SUPPLIED INFORMATION
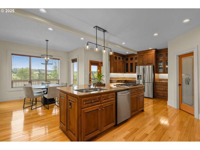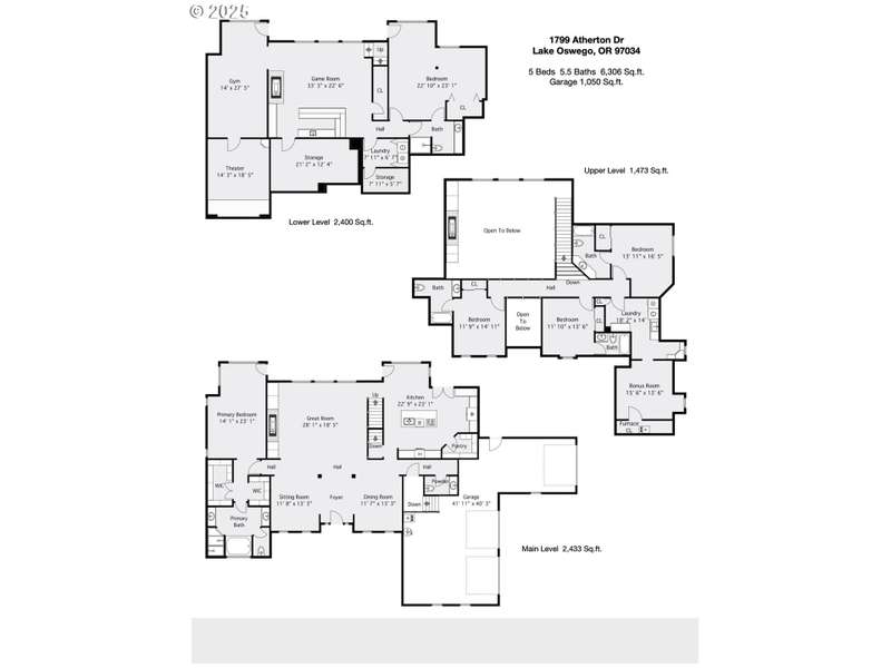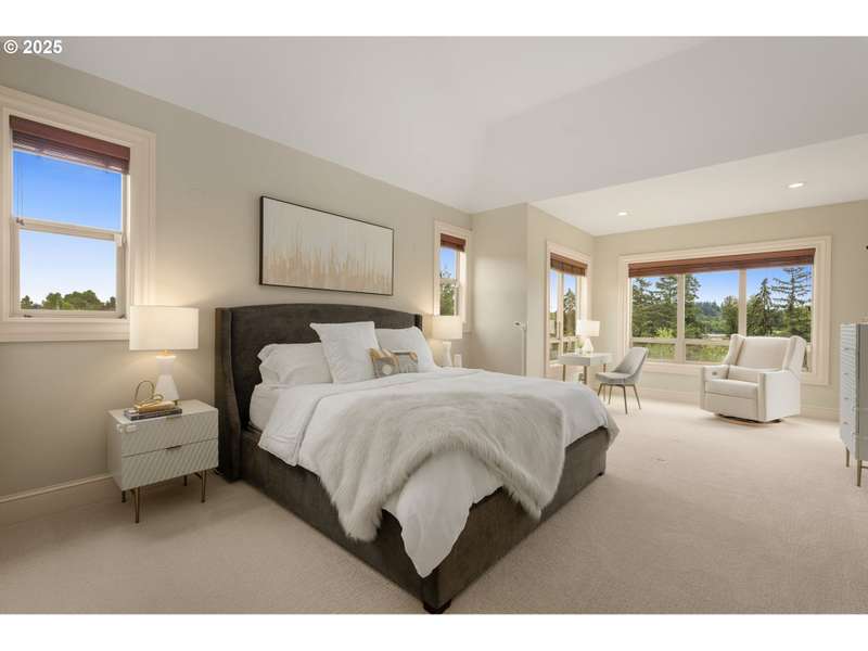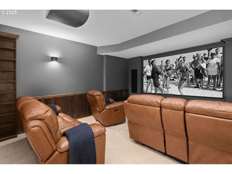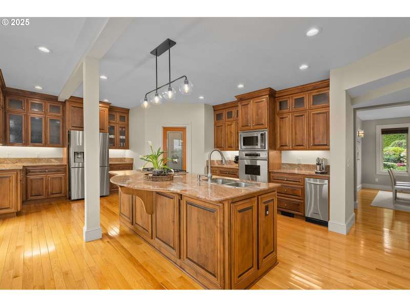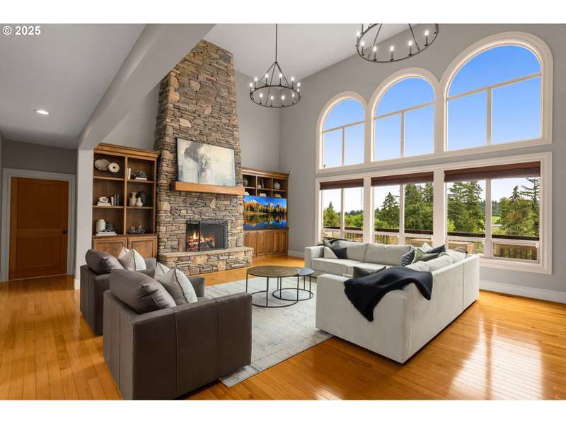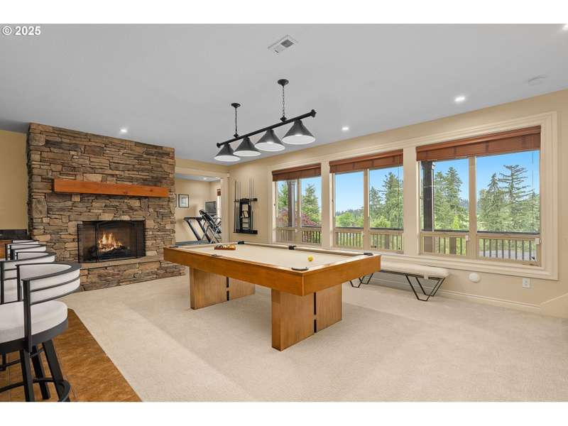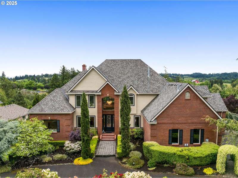 Tucked at the end of a secluded drive and enveloped by nearly an acre of property, this home offers a rare opportunity to own a grand, private estate just minutes from the heart of Lake Oswego. With over 6,300 square feet of masterfully designed living space, this extraordinary residence blends timeless sophistication with modern comforts. A dramatic foyer leads into an expansive great room, where soaring ceilings and floor-to-ceiling stonework frame a striking fireplace. Rich hardwood floors flow into the formal dining area and spacious formal seating area, creating a refined yet welcoming atmosphere. The gourmet kitchen is designed to impress, featuring slab granite countertops, a large island, walk-in pantry, top-of-the-line stainless appliances, and both a breakfast nook and direct access to an expansive entertaining deck with panoramic views. The main-level primary suite is a private retreat, complete with its own stunning vistas, deck access, dual walk-in closets, and a spa-like bath with double sinks, a soaking tub, and elegant tile finishes. Upstairs, three generously sized bedroom suites provide comfort and autonomy for family or guests, each offering walk-in closets and en suite bathrooms. The lower level is dedicated to recreation and entertainment, featuring a fully equipped bar and game room, a professional-grade home theater, and spacious home gym with custom mat flooring. A second oversized primary suite on this level includes its own exterior entrance—ideal for multigenerational living or a private guest escape. Outside, the manicured gardens, raised beds, covered deck, and expansive yard space all create a tranquil oasis for both entertaining and quiet relaxation. Ideally located just minutes from boutique shopping, fine dining, top-rated golf courses, parks and the new Lake Oswego Recreation & Aquatic Center. For the discerning buyer who values serenity as well as access to amenities, this home is the best of both worlds.
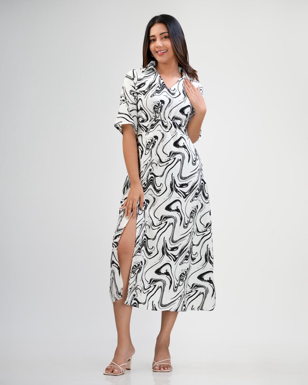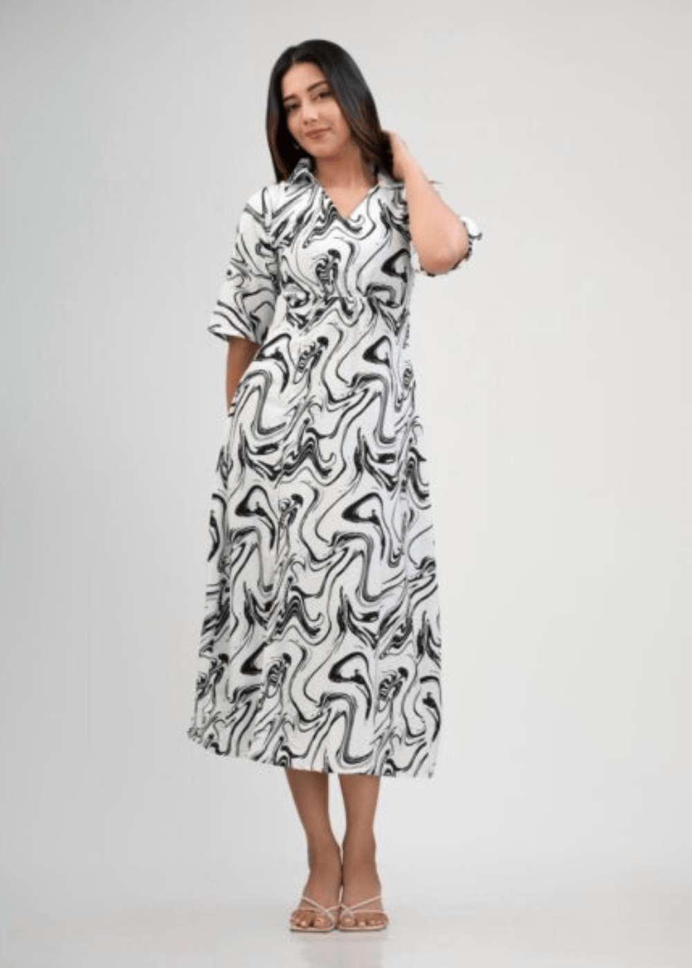 a flowing, elegant long dress in crisp white with eye-catching prints — perfect for breezy summer days or relaxed, chic outings.
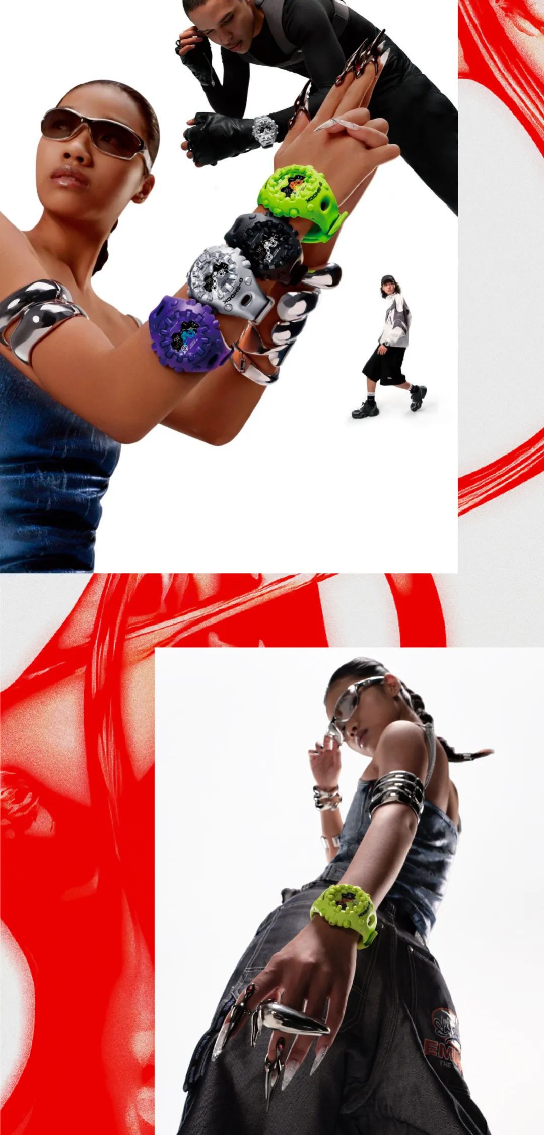 G-SHOCK GA-V01系列腕表,以磁力分針技術替代傳統機械結構,搭配金屬銀、熒光黃與電藍紫等高飽和霓虹色,表殼采用一體成型鏤空金屬層疊設計,模擬機械裝甲的立體感。其設計體現對“Year 3000”的具象化想象——將腕表視為未來戰士的裝備,通過硬核科技與視覺張力傳遞Y3K美學。
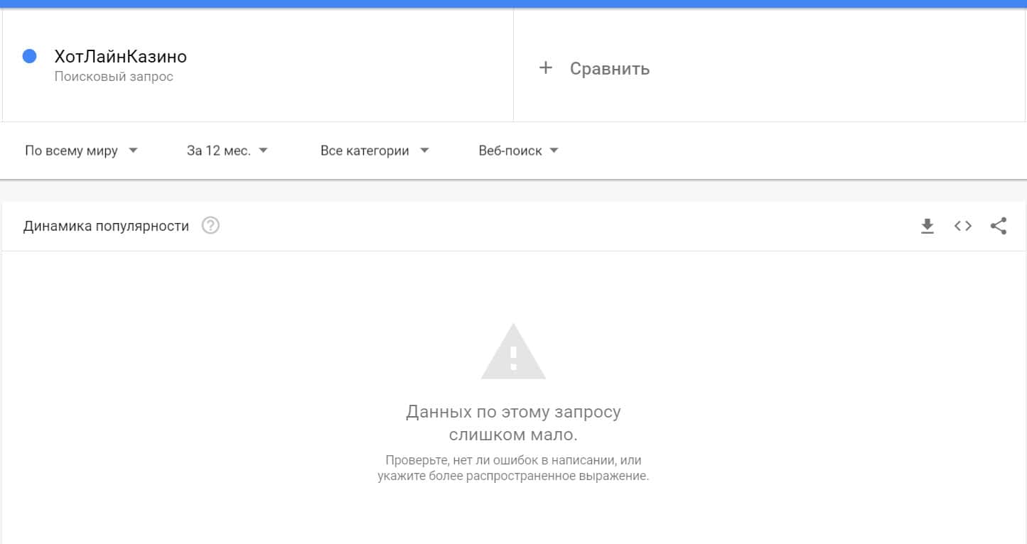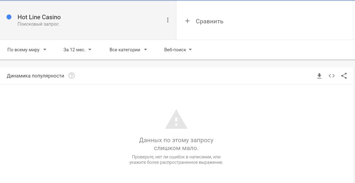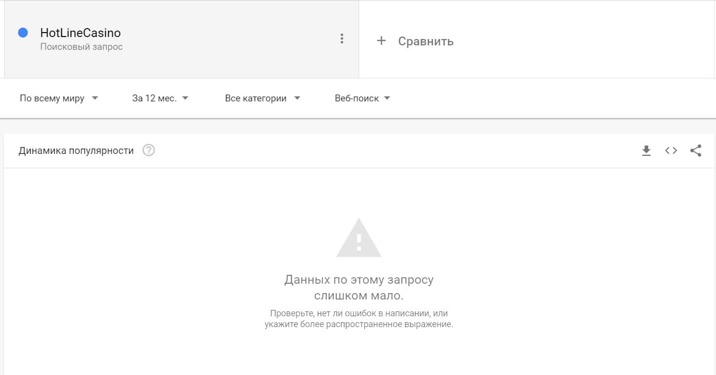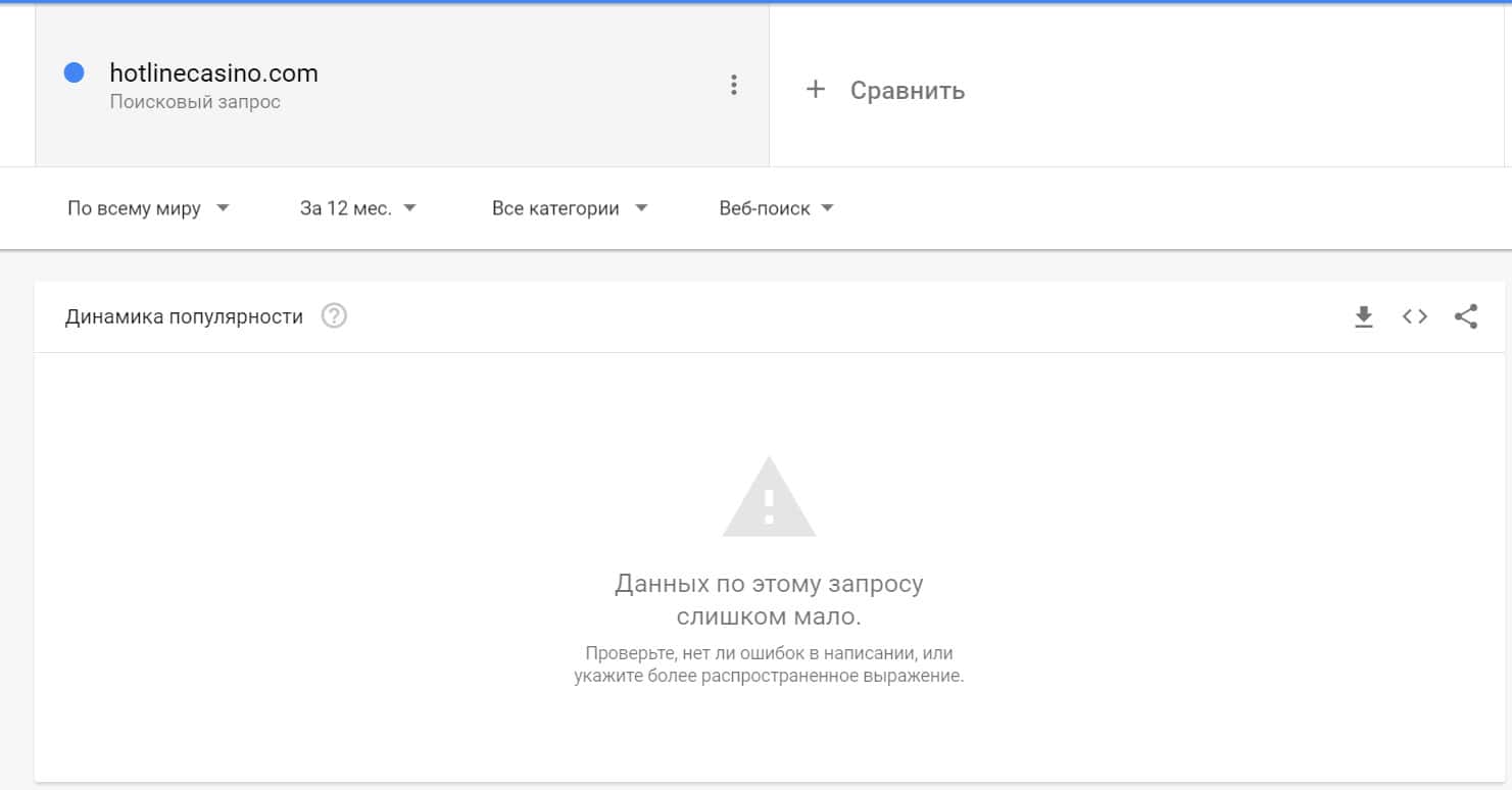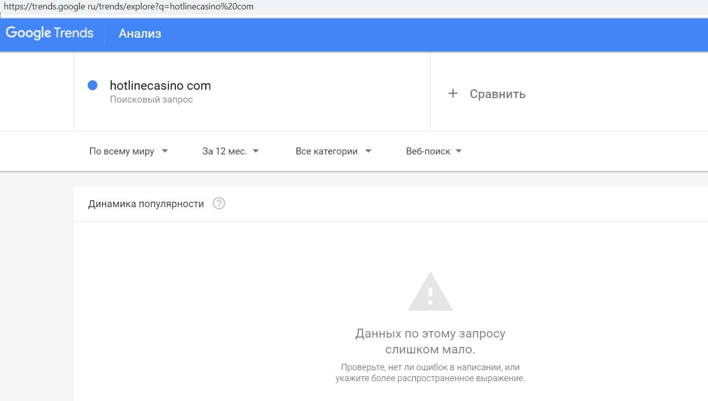 Аналогичная ситуация и по запросу "hotlinecasino.com", в поисковой системе гугл отсутствует информация о популярности данного бренда.

TASK DETAILS
Begin at the line with "a flowing, elegant" and end at the last line of the data above. Reproduce those lines exactly, but not the pictures.

SOLUTION BELOW
 a flowing, elegant long dress in crisp white with eye-catching prints — perfect for breezy summer days or relaxed, chic outings.
 G-SHOCK GA-V01系列腕表,以磁力分針技術替代傳統機械結構,搭配金屬銀、熒光黃與電藍紫等高飽和霓虹色,表殼采用一體成型鏤空金屬層疊設計,模擬機械裝甲的立體感。其設計體現對“Year 3000”的具象化想象——將腕表視為未來戰士的裝備,通過硬核科技與視覺張力傳遞Y3K美學。
 Аналогичная ситуация и по запросу "hotlinecasino.com", в поисковой системе гугл отсутствует информация о популярности данного бренда.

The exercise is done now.